Soudain des bruits de galops se font entendre à l’extérieur du ttipi. Les enfants se précipitent à l’entrée de la tente pour passer la tête au dehors sauf Yuma qui est resté calmement assis.
Jolan
Ce sont les hommes de la tribu. Où vont-ils ainsi ?
Lennon
Ils ont pris leurs armes. Ils vont à la chasse ?
Sahale
Et que veux-tu qu’ils fassent d’autre. Faut bien nourrir tout le monde…
Ehawee
Apprenez à ouvrir les yeux, les garçons. Ne voyez-vous pas les peintures qui couvrent leurs visages et les plumes qui ornent leurs têtes ?
Lennon
Ils ont mis leurs peintures de guerriers ?
Sahale
Qu’est-ce que ça signifie ? Ils vont à la guerre ?
Jolan
Grandpas m’avait dit que nous étions en paix avec les tribus voisines à présent.
Yuma
(En se levant pour prendre ses armes et un manteau de loup.)
Grandpas ne t’a pas tout dit. Les grandes personnes cachent toujours des choses aux enfants.
Wapi
(Qui s’est retourné et qui surprend Yuma en train de se préparer.)
Que fais-tu ? Pourquoi t’habilles-tu ?
Waban
(Même jeu que Wapi.)
Tu ne comptes pas sortir, j’espère. Tu sais que nous n’en avons pas le droit. Les mauvais esprits pourraient s’abattre sur nous.
Yuma
Je suis l’aîné et je crois qu’il y pire que les mauvais esprits qui pourraient nous vouloir du mal.
Migina
Que dis-tu ? Tu me fais peur. Y aurait-il un autre danger plus grand que ceux dont nous parle le grand chaman ?
Yuma
(Il fait un pas vers la sortie.)
Je le crains mais ne peut rien vous dire. Il faut que j’en ai le coeur assuré. Un coeur assuré du danger est plus fort et courageux.
Lenno
Attend ! Je t’accompagne.

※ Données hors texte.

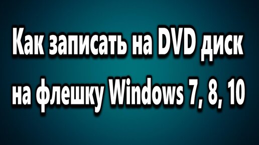 Как записать на Флешку, на DVD диск Windows 7, 8, 10

Tu ne dois pas y aller seul. Deux coeurs assurés ont encore plus de courage quand ils marchent ensemble.
Sahale
Moi aussi, je viens. Nous sommes frères et c’est en frère que nous devons affronter le danger.
Jolan
Je suis des vôtres. Je connais bien les environs. Nous ne pourrons pas nous perdre.
Asha
Et que dirons-nous si les mères surprennent votre absence ?
Yuma
L’appel de la chasse, le besoin de grand air… Invente ce que tu veux. Vous ne risquez rien. Wapi et Waban resteront avec vous pour vous protéger. (En adressant un signe de tête aux autres qui se sont préparés entre temps.) Allez !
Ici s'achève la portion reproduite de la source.